The federal government had set Monday as a deadline for companies to return funds without facing repercussions for accepting loans in violation of guidelines about types of companies that the program was meant to help. The United State Treasury Department modified eligibility rules after a public outcry about publicly traded companies receiving funds intended to help small businesses struggling to survive economic impacts of the Covid-19 pandemic.

“As the requirements and expectations for the PPP program continue to change, particularly with respect to publicly traded companies receiving funding under the PPP, we decided that the right thing to do was to repay the PPP loans,” the company told the Indianapolis Business Journal according to a Tuesday article. Calumet did not respond to questions from Lube Report.

On May 1, the Indianapolis-based producer of base oils and other specialty petroleum products accepted $31.4 million in funding divided among five separate loans under the Paycheck Protection Program, according to federal documents and the company’s Securities Exchange Commission filings. A New York times analysis published May 18 found that Calumet’s loan was the fourth-largest among 446 publicly traded companies that disclosed receiving the small-business loans.This total was about $13 million more than any of the other more than 400 publicly traded-companies receiving the forgivable loans, according to multiple news reports.

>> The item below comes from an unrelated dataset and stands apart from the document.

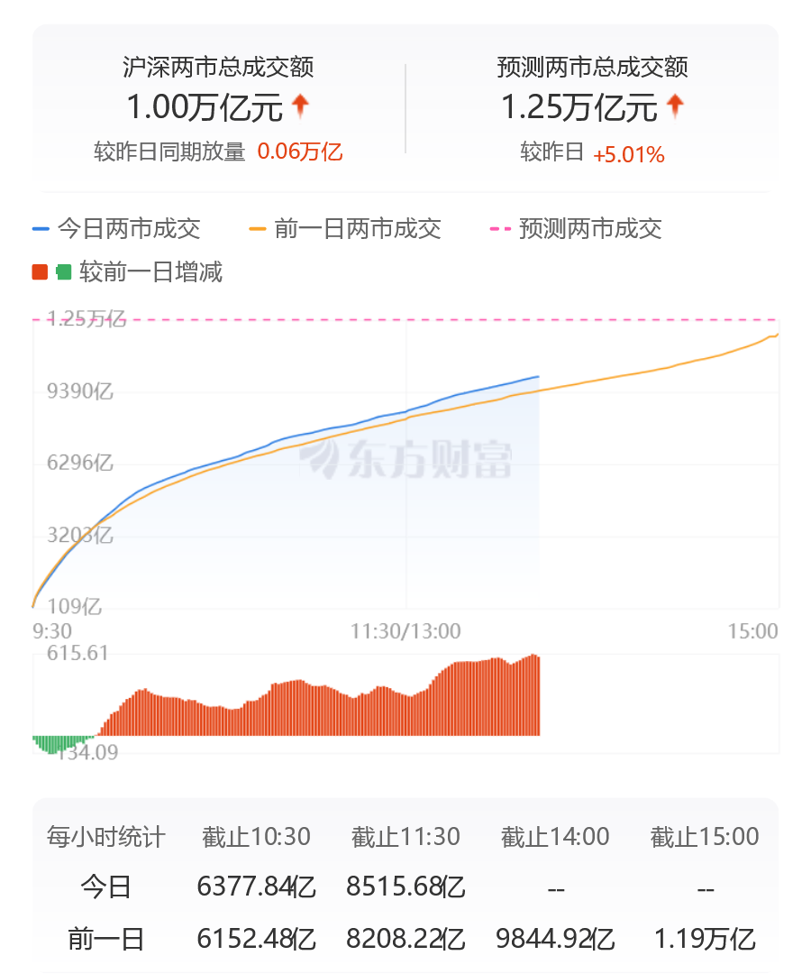 沪深两市成交额连续第3个交易日突破1万亿元,较昨日此时放量近600亿。

The Paycheck Protection Program is a loan designed to provide a direct incentive for small businesses to keep their workers on the payroll. The Small Business Administration will forgive loans if all employees are kept on the payroll for eight weeks and the money is used for payroll, rent, mortgage interest, or utilities. The government appropriated $659 million for the program in two phases.

The program was part of the Trump administration’s efforts to help small business survive the padlock that the Covid-19 pandemic has placed on the economy. Under the regulations, small businesses with fewer than 500 employees were eligible for the loans, but the program’s roll-out was riddled with problems, including complaints by small business owners that large, publicly-traded companies were receiving millions of dollars in loans. The federal government had set a May 18 deadline for large companies to return Paycheck Protection Program loans. 

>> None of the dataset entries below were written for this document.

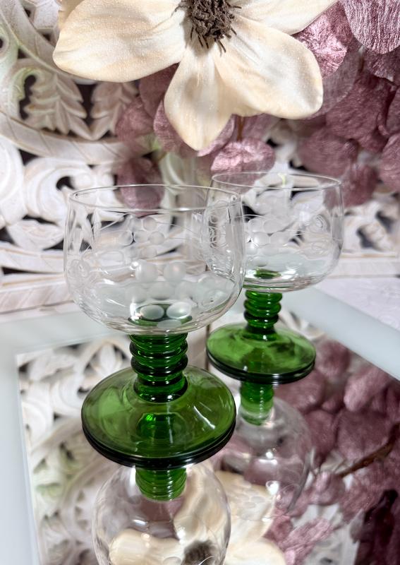 ❗️❗️❗️🛎️🛎️🛎️На замовлення. ⚜️ Набір: 2 шт. Вінтажний набір ромерів Luminarc (келих для вина або лікеру) з зеленою ніжкою у формі бджолиних сот і травленням у вигляді виноградної лози. Виробник: Luminarc, Франція. Стиль: Вінтажний, у стилі середини століття (MCM retro). Особливості: Зелена ніжка у формі бджолиних сот та матове травлення виноградної лози/грона на чаші. Призначення: Використовуються як келихи для вина (особливо білого) або лікеру. У чудовому вінтажному стані: без сколів та тріщин. 💸Ціна/2 шт.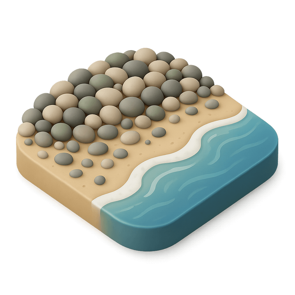 A pebble beach is a shoreline covered with smooth, rounded stones instead of sand. These beaches are shaped by the action of waves and tides, creating a unique natural landscape often found along coasts and lakeshores.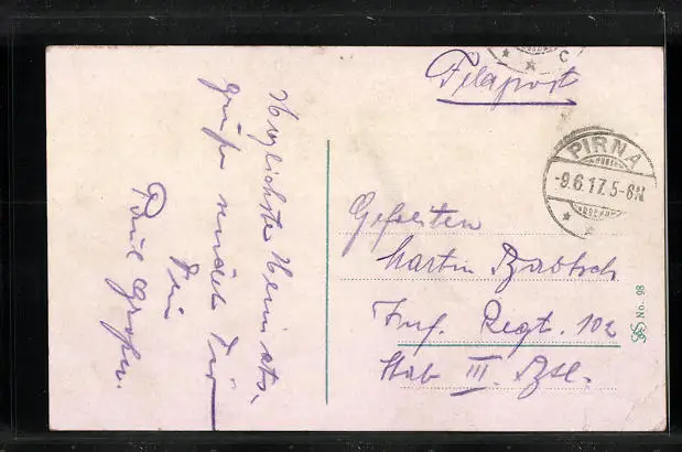 alte Ansichtskarte, gelaufen 1917 als Feldpost, Eckknick li. unten, guter Zustand
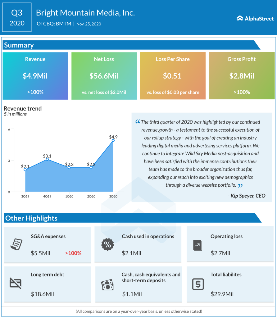 In an interview with AlphaStreet, Bright Mountain Media CFO Ed Cabanas said the acquisitions helped the firm expand to highly valued verticals. “With Wild Sky came several female-focused parenting websites with approximately 25 to 30 million unique visitors. So from an acquisition perspective, we are targeting more of the digital publishers and the key niche verticals that we are focused on, as well as technologies that can help in analytics data integration, optimization, fraud prevention, etc,” he said.

Six days after receiving the cash infusion, Calumet CEO Steve Mawer said during an earnings conference call that the company is on solid footing financially. He started the call by stating that federal and state authorities have “deemed our business essential to the national economic infrastructure ….”

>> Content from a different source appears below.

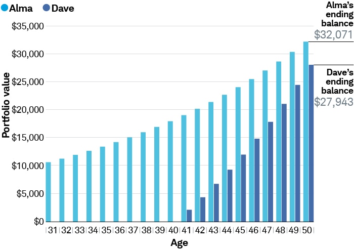 Alma invests $10,000 when she’s 31 and lets the money grow for 20 years. Dave invests $2,000 a year on the same day each year, starting at age 41, for only 10 years. By the time they both reach age 50, Alma has nearly 15% more than Dave even though she invested half as much. Alma has an ending balance of $32,071 compared to Dave’s balance of $27,943.

According to a transcript of the call, Mawer then described Calumet’s first quarter as “solid,” with $87.3 million in adjusted earnings before interest, taxes, depreciation, and amortization. He added that the company had healthy reserves of cash and available credit totaling “over $326 million of available liquidity” by the end of the first quarter.

Calumet explained in its SEC filings about the Paycheck Protection Program loan that it made a “good faith” certification that the loans were appropriate because a jolt of cash was needed to continue operations during the economically challenging pandemic. Additionally, the company conceded in the filing that it “could in the future be determined to have been impermissible” to receive the program funding. A portion of the program loans were secured before the Treasury Department modified eligibility guidelines. Calumet acknowledged worries that if found in violation of the new rules it could possibly face “significant civil, criminal and administrative penalties.”

The company said in Monday’s SEC filing that as of April 30, and including the effect of repaying the Paycheck Protection Program loans, the company had total liquidity of about $211 million, comprised of $80 million of cash on hand and approximately $131 million of availability under its revolving credit facility.